Un matin, au milieu de tout ce tumulte, j’ouvris la porte et trouvai Antonius Hybrida en train d’attendre dans la rue. Cela faisait plus de trois ans que je ne l’avais pas vu, et je ne le reconnus pas tout de suite. La bonne chère et le vin de Macédoine l’avaient fait beaucoup grossir tout en lui donnant le teint plus fleuri encore, produisant l’impression qu’il avait été tout entier recouvert d’une couche de graisse d’un rouge brouillé. Je le conduisis dans la bibliothèque, et Cicéron sursauta comme s’il avait vu un fantôme, ce qui, d’une certaine façon, n’était pas faux car c’était bien son passé qui revenait le hanter — et lui réclamer vengeance. Au début de son consulat, alors que les deux hommes venaient d’arriver à une entente, Cicéron avait donné à Hybrida son accord écrit que, si jamais il était poursuivi, il lui servirait d’avocat, et maintenant son ancien collègue venait réclamer son dû. Il avait amené avec lui un esclave qui portait l’acte d’accusation, et Hybrida le remit à Cicéron d’une main qui tremblait si violemment que je craignis qu’il ne nous fît une attaque. Cicéron présenta le document à la lumière pour l’étudier.

— Quand cela a-t-il été délivré ?

— Aujourd’hui.

— Tu sais de quoi il s’agit, n’est-ce pas ?

— Non. C’est pour ça que je t’ai apporté cette saloperie tout de suite. Je n’ai jamais compris un traître mot à tout ce charabia juridique.

— C’est une assignation pour trahison, dit Cicéron en examinant le document avec un étonnement grandissant. C’est étrange. J’aurais cru qu’ils te poursuivraient pour corruption.

— Dis donc, Cicéron, il n’y aurait pas moyen d’avoir un peu de vin, par hasard ?

— Attends un peu. Essayons d’avoir les idées claires pendant un petit moment pour démêler tout ça.
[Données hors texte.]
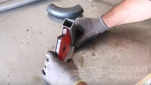 Начнем со сварочных работ. Первым делом нужно сварить между собой два отрезка квадратного профиля под прямым углом, а затем — круглую трубу с отводом на 30 градусов. Далее к верхней части круглой трубы нужно будет приварить получившуюся Г-образную деталь из профиля.

Il est écrit ici que tu as perdu une armée en Histria.

— Seulement l’infanterie.

— Seulement l’infanterie ! s’esclaffa Cicéron. Quand cela s’est-il passé ?

— Il y a un an.

— Qui se charge de la partie plaignante ? A-t-on désigné quelqu’un ?

— Oui. Il a prêté serment hier. C’est ton petit protégé — tu sais, ce jeune freluquet de Caelius Rufus.

Cicéron reçut la nouvelle comme un coup. Il était de notoriété publique que Rufus s’était brouillé avec son ancien mentor. Mais qu’il choisît pour sa première véritable incursion dans la vie publique de poursuivre le collègue consulaire de Cicéron — ce n’était ni plus ni moins qu’un acte de trahison. Cicéron fut tellement pris de court qu’il dut s’asseoir.

— Je croyais que c’était Pompée qui était le plus décidé à te faire passer en procès ?

— C’est le cas.

— Alors pourquoi laisse-t-il Rufus se faire les dents sur une affaire aussi importante ?

— Je ne sais pas. Et ce vin, maintenant ?

— Oublie cette saleté de vin pendant une minute.

Cicéron roula l’assignation et s’assit un instant, la tapotant contre la paume de sa main.

— Ça ne me plaît pas. Rufus sait beaucoup de choses sur moi. Il pourrait mentionner toutes sortes de détails.

Il lâcha le rouleau sur les genoux d’Hybrida.

— Je crois que tu devrais trouver quelqu’un d’autre pour te défendre.

— Mais c’est toi que je veux ! Tu es le meilleur. Nous avions un accord, tu te rappelles ? Je te donnais une partie des revenus et tu me protégeais des poursuites.